Assumes self.cost has been called with order >= 2

objective(z)[source]
class soupy.modeling.controlCostFunctional.PenalizationControlCostFunctional(Vh, penalization, augment_control=False)[source]

Bases: ControlCostFunctional

Cost functional that is defined by a soupy.Penalization object. Used for optimization problems where the cost depends only on the control variable \(z\) and not the PDE.

Constructor:

Parameters:

  • Vh – List of function spaces for the state, parameter, adjoint, and optimization variables

  • penalization – Penalization term defining the cost functional

  • augment_control (bool) – Set to True if optimization problem uses a soupy.AugmentedVector as the control/optimization variable.

cost(z, order=0)[source]

Given the control variable z evaluate the cost functional. Order specifies the order of derivatives required after the computation of the cost

generate_vector(component='ALL')[source]

If component is STATE, PARAMETER, ADJOINT, CONTROL return a vector corresponding to that function space. If component == CONTROL and self.augment_control is True, will return an soupy.AugmentedVector that augments the control variable z with a scalar that can be used for optimization. If component == "ALL", Generate the list of vectors x = [u,m,p,z]. Note that in this case, the CONTROL variable will not be augmented with the scalar, and can be used directly for methods like solveFwd.

grad(g)[source]

Evaluate the gradient of the cost functional.
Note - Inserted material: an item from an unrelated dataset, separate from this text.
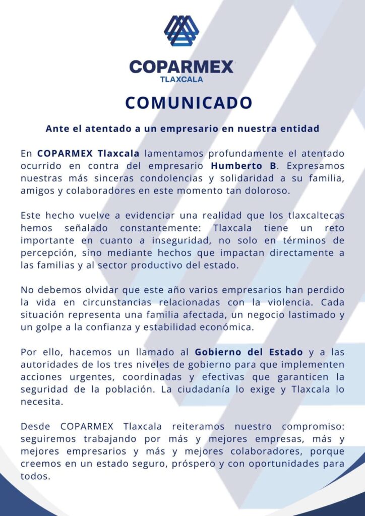 La Confederación Patronal de la República Mexicana (COPARMEX) en Tlaxcala condenó el atentado que sufrió el empresario Humberto B., un hecho que, además de causar indignación, volvió a exponer la vulnerabilidad en la que opera el sector productivo en la entidad.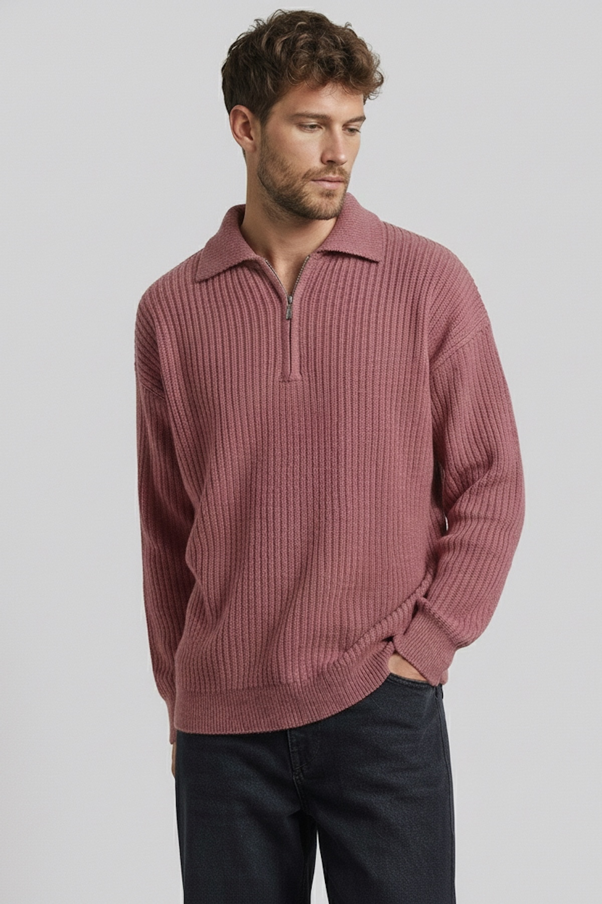 ميزات سترة بياقة بولو كبيرة الحجم بنصف سحاب من hateko

Assumes cost is called with order >=1

hessian(zhat, Hzhat)[source]

Evaluate the Hessian of the cost functional acting in direction zhat. Assumes cost is called with order >=2

class soupy.modeling.controlCostFunctional.RiskMeasureControlCostFunctional(risk_measure, penalization=None)[source]

Bases: object

This class implements a risk measure cost functional for optimal control problem under uncertainty

\[J(z) := \rho[Q(m, z)] + P(z)\]

Constructor

Parameters:

  • risk_measure (soupy.RiskMeasure) – Class implementing the risk measure \(\rho(m,z)\)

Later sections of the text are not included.